Messy Jewish identities: A High Holidays meditation, part II

JTS | CC via Wikimedia Commons
JTS | CC via Wikimedia Commons
List College at The Jewish Theological Seminary is where Amram Altzman found one of his many communities. | Supplied via Wikimedia Commons

Two years ago, I wrote my first blog post for New Voices. I invited young Conservative Jews, unhappy with the current situation within their movement, to enter into conversation with me and the many other young Jews I know who grew up Modern Orthodox. We, too, were discontented with what we perceived as our movement’s shortcomings.

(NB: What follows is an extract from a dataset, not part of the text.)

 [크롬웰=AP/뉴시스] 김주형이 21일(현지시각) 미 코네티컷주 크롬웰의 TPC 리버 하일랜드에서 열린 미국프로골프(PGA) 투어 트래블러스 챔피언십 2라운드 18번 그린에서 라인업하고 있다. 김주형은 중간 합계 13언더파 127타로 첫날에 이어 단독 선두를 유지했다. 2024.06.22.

That post marked the beginning of a process that occupied much of my writing during the first half of my college career. I threw labels on and off — I saw the value in them, and then denounced them as too prohibitive — as I sought to find a community that combined what I wanted. I wanted everything: a commitment to tradition, a commitment to progress, a commitment to halacha, and also a desire to innovate, to create new traditions and rituals while preserving the old.

Each time, I fell short.

Each time, I thought I’d found a community which had finally met all of my criteria, and each time, I was surprised and disappointed when it did not match my laundry list of criteria for a perfect Jewish community.

I don’t want this to turn into a sappy blog post where I realize that it’s all okay, and that the community I’ve found myself in is a perfect one for me. At the end of the day, I have a vision for a Jewish future that I’m still searching for. I’m still looking for a derekh to replace the one I left when I left the Orthodox community. I’m still hopeful for a future where I find a Jewish community which meets my list of criteria, which fits my specific niche.

Although I’ve found pockets where that might exist, and although I’ve found a Jewish community on campus where I do feel comfortable, part of me is always searching for more, for the next and newest thing to add to my practice. Each time I do, I look back, often nostalgically, to my upbringing, to a time and a community where being on a derekh was so easy.

Further complicating this was the realization that I exist — and can be comfortable in — multiple communities, all over the spectrum of religious observance. I can be comfortable in my Conservative community on campus, the queer Jewish shabbatonim that I staff, and my parents’ Orthodox community — none of which are my ideals, but all of which I can be comfortable in, and in which I can find community.

This, ultimately, is what confuses the concept of the derekh for me. It’s not the fact that there is one derekh on which I find myself, but the fact that I am on multiple roads, all at the same time. On each of those, there are spaces where I find myself in varying levels of visibility. I often find myself invisible or sacrificing my observance in spaces that are less observant, and find myself invisible as a queer person in Orthodox spaces.

Through the first half of my college career, I realized that the being off the derekh is not just about getting a free pass out of Orthodoxy (as I discussed after Rosh Hashanah), but I’ve also realized that being off the derekh means that I can never be complacent in my Jewish community. I will always be expecting more from all of the Jewish communities with which I affiliate. Being off the derekh is why I continue to write and think about the ways in which Orthodoxy needs to make its spaces more queer-affirming, or the ways in which Modern Orthodoxy’s insecurities feed into the growing divide between Orthodoxy and its Modern counterpart. It’s the reason that I think critically about the ways in which the Rabbinical Assembly provides a problematic model for creating new and innovative Jewish ritual.

Being off the derekh, for me, means not only accepting that I’m off the original path I was once on, but also accepting the fact that I will never be fully comfortable in any singular space, nor will I ever be a part of just one community. If anything, entering college has made my Jewish identity messier, not clearer. Being off the derekh, and coming to terms with this part of my Jewish identity, has meant accepting the fact that my Judaism is made up not of one community, but a patchwork of communities which I have found a way to call my Jewish home.

 

Amram Altzman is a student at List College.